CSS code is generated from .less
files that live in nuremberg/core/static/styles
. The styles are built based on Bootstrap 3 mixins, but don't bundle any Bootstrap code directly to ensure a clean semantic design.
Compilation is handled automatically by the django-static-precompiler
module while the development server is running.
JavaScript code is organized simply. JS dependencies are in core/static/scripts
, and are simply included in base.html
. App code is modularized using modulejs
, to ensure that only code in the module defined in the relevant template is run.

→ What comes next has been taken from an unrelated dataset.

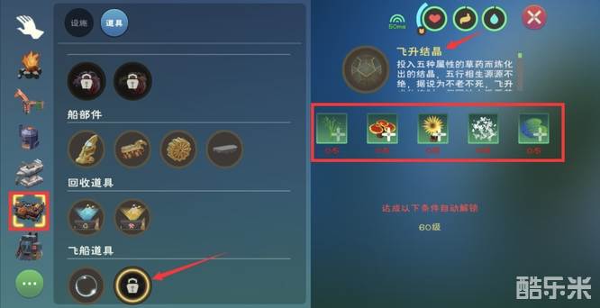2、然后在工具栏中找到道具,制作飞升结晶需要用到奇竹木,灵火芝,涌土花,幻金簇,漪水萍五种材料,准备好即可制作(需要60级解锁)。

The only significant JavaScript app is the document image loading, panning, and zooming functionality implemented in documents/scripts
. That functionality is organized as a set of Backbone.js views and viewmodels. There is a smaller amount of code in transcripts
to handle infinite scrolling and page navigation, which is implemented in pure jQuery. There are also a handful of minor cosmetic features implemented in search
.
In production, all site javascript is compacted into a single minified blob by compressor
. (The exception is the rarely-needed dependency jsPDF
.)
When deploying, you should run manage.py compress
to bundle, minify and compress CSS and JS files, and manage.py collectstatic
to move the remaining assets into static/
. This folder should not be committed to git.

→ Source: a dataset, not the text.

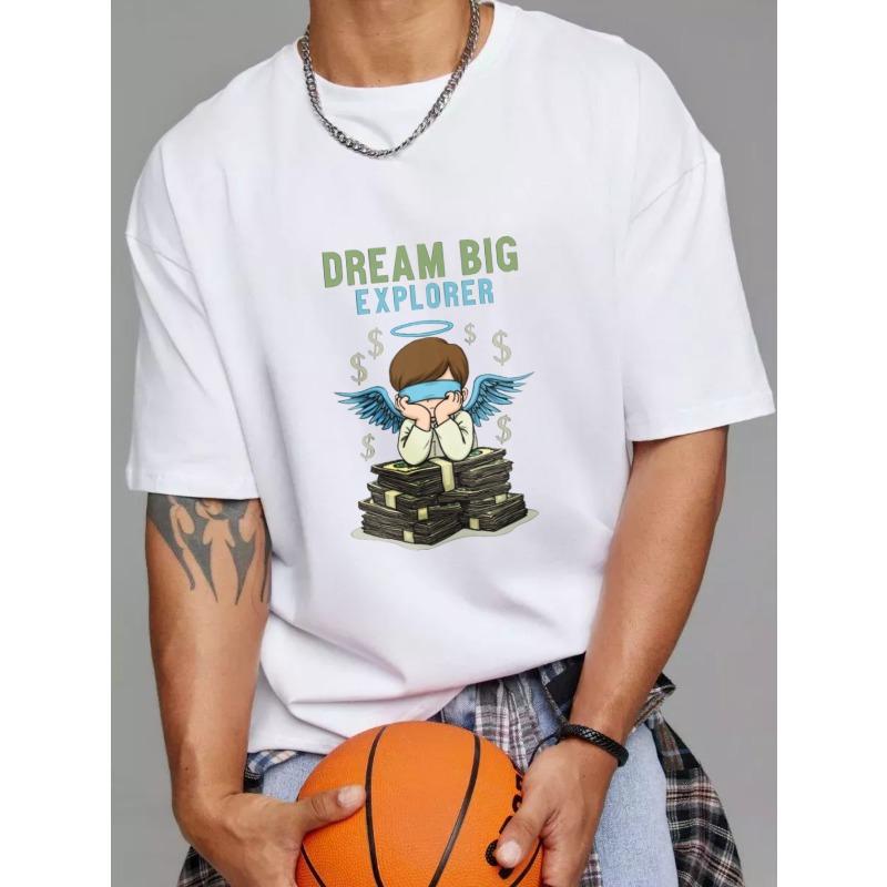 Crewneck T Shirt White Dream Big Explorer Angel with Money Stack Graphic for Casual Wear and Street Style

For deployment to Heroku, these static files will be served by the WhiteNoise server. In other environments it may be appropriate to serve them directly with Nginx or Apache. If necessary, the output directory can be controlled with an environment-specific override of the STATIC_ROOT
settings variable.
We have initial support for local development via docker-compose
.
docker-compose up -d --build
This will build a 1.07GB image for the Nuremberg app and a 573MB image for the solr index, which may take a few minutes.
./init.sh
This will set up the development and test databases and populate the solr index. The database initializes quickly; the solr index takes several minutes.
Start up the Docker containers in the background:
docker-compose up -d
Fire up the web server:
docker-compose exec web ./manage.py runserver 0.0.0.0:8000
Then visit localhost:8000. Press Ctrl-c
to quit the web server.
Run the python tests:
docker-compose exec web pytest
Run the browser tests: (not yet supported)
Update requirements.txt
and nuremberg/core/tests/requirements.txt
:
docker-compose exec web bash -c "pip-compile && pip-compile requirements.in nuremberg/core/tests/requirements.in -o nuremberg/core/tests/requirements.txt"
Take down the Docker containers:
$ docker-compose down
Remove the databases and the solr index:
docker volume rm nuremberg_db_data nuremberg_solr_collection
Remove the images:
docker rmi nuremberg nuremberg-solr